Can Peter Berg Redeem Himself After ‘Battleship’?

Written By Unknown on Kamis, 15 Agustus 2013 | 18.37

Peter Bohler for The New York Times

Peter Berg wanted me to box with him. "Come on, you're a tough guy," he said. I tried to disabuse him of that notion. I told him I'd been in only one fight in my adult life, and I lost that one.

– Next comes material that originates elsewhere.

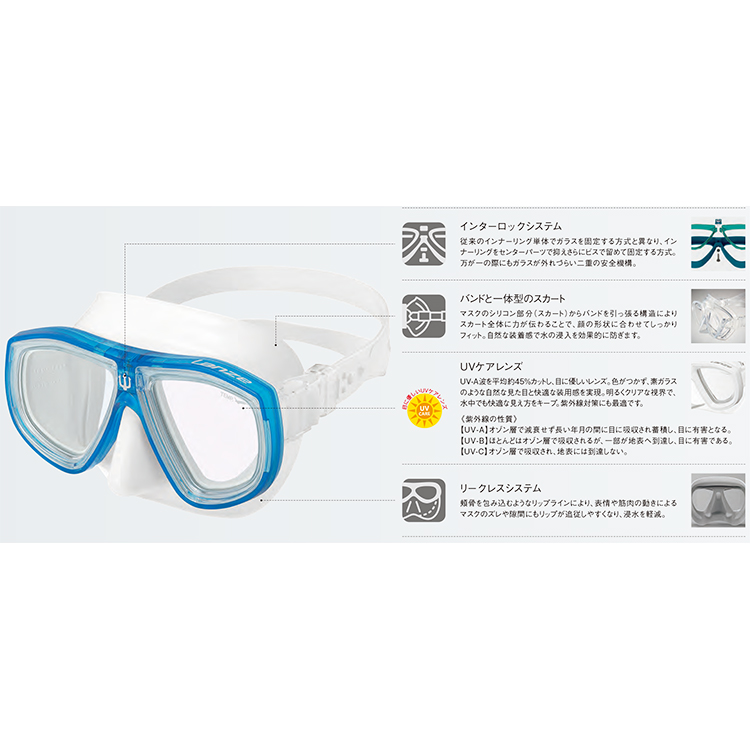 インターロックシステムを採用し安全性を追求したスクーバダイビング・スキンダイビング用ローボリュームで視界が広いスタンダードマスク
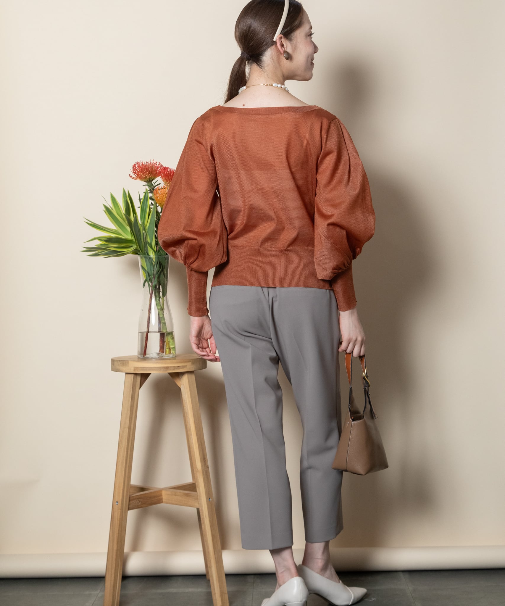 パフスリーブシアーニット

We went to Team Tapia Boxing Academy in Albuquerque, where Berg was scouting locations for the film he had written and was directing, "Lone Survivor," based on a book with the same title about a Navy SEAL mission in Afghanistan that went terribly wrong in 2005. Berg fell in love with boxing when he was a 14-year-old freshman at the Taft School in Connecticut. "I was on fire," he said, "a seething ball of energy moving at a speed I couldn't explain." He was angry and disruptive "and diagnosed as a troublemaker," he said. "Today it'd be A.D.H.D., and I'd be Ritalined up." Instead a dean took him after class to his basement, where Berg and other disruptive students learned "to dissipate all our energy" by fighting. Boxing calmed him. "You can't box angry," he said. "You have to be disciplined. Before boxing, I was this angry kid ready to fight if someone said, 'Hello.' "

Through boxing, Berg became fascinated with what he referred to as "the psychology of violence," which has informed most of the things he has directed or acted in. Sports violence ("Friday Night Lights," "The Great White Hype"); criminal violence ("Very Bad Things," "The Last Seduction"); and military violence ("A Midnight Clear," "The Kingdom," "Battleship," "Lone Survivor"). But violence on the screen is never as viscerally satisfying as it is in the ring. "There's a truth to the violence of boxing," Berg said. "You have a very real threat, an opponent." Movie violence is make believe.

At Tapia, the manager taped up my hands while Berg shadowboxed in the ring, waiting for me. Berg is 51, hyperactive and lean, his long arms rippled with muscles and veins. Once my gloves were on, I pounded them together and stood up.

Later that night I called my wife. She asked how the boxing went. I said, "I broke Peter's jaw." She said, "I hope he can still talk." I told her I was kidding. It was make-believe. I got a lesson on the heavy bag instead.

The next night, Berg told me to meet him for dinner at a steakhouse on the outskirts of Albuquerque. I waited at the bar till Berg rushed in late, looking spent, and sat down. He'd been at Kirtland Air Force Base checking out "choppers" — Berg likes to use military jargon — and also scouting mountains for the big shootout between the Taliban and the SEALs. (In the movie, which is due out at the end of this year, the shootout comes across as one of the most realistic depictions of close-in combat in film.) "I must have climbed 30 mountains," he said. "We need different locations because we couldn't get access to Indian land." He raised his eyebrows. "It's sacred, except for the land with casinos on it, I guess."

Berg was exhausting himself making "Lone Survivor" on the cheap. A 42-day shoot, a $40 million budget, a list of producers as long as his arm whose only required movie expertise was the ability to fork over at least a million dollars to get a credit — and still, his team was scuffling around for money until a few weeks before filming was about to start last fall. "Universal will release it," he said, "but I have to deliver the finished film to them." Berg had been trying to make "Lone Survivor" for five years. "I'm a patriot," he said. "I admire our military, their character, code of honor, belief systems. I lived with the SEALs, their families, went to their funerals. I went to Iraq. Did you ever see anyone killed? I did." Berg is infatuated with heroes, military, sports and, sometimes, because of his teenage years, misfits.

He was directing for scale, the minimum salary allowed by the Directors Guild (which in this case was $17,000 a week), and had got most of his crew and actors (including Taylor Kitsch and Mark Wahlberg) to work at a discount too. No one worked for scale on his most recent movie, "Battleship," which was supposed to be the summer blockbuster of 2012. Instead it was one of the biggest science-fiction-movie busts in the history of the genre. "Battleship" had problems from its inception, beginning with the idea of trying to make a movie out of a board game. Berg knew "Battleship" was in trouble even before it was released. When we spoke by phone last summer, he told me: "You should go see it. It's fun, but leave your brain outside the theater."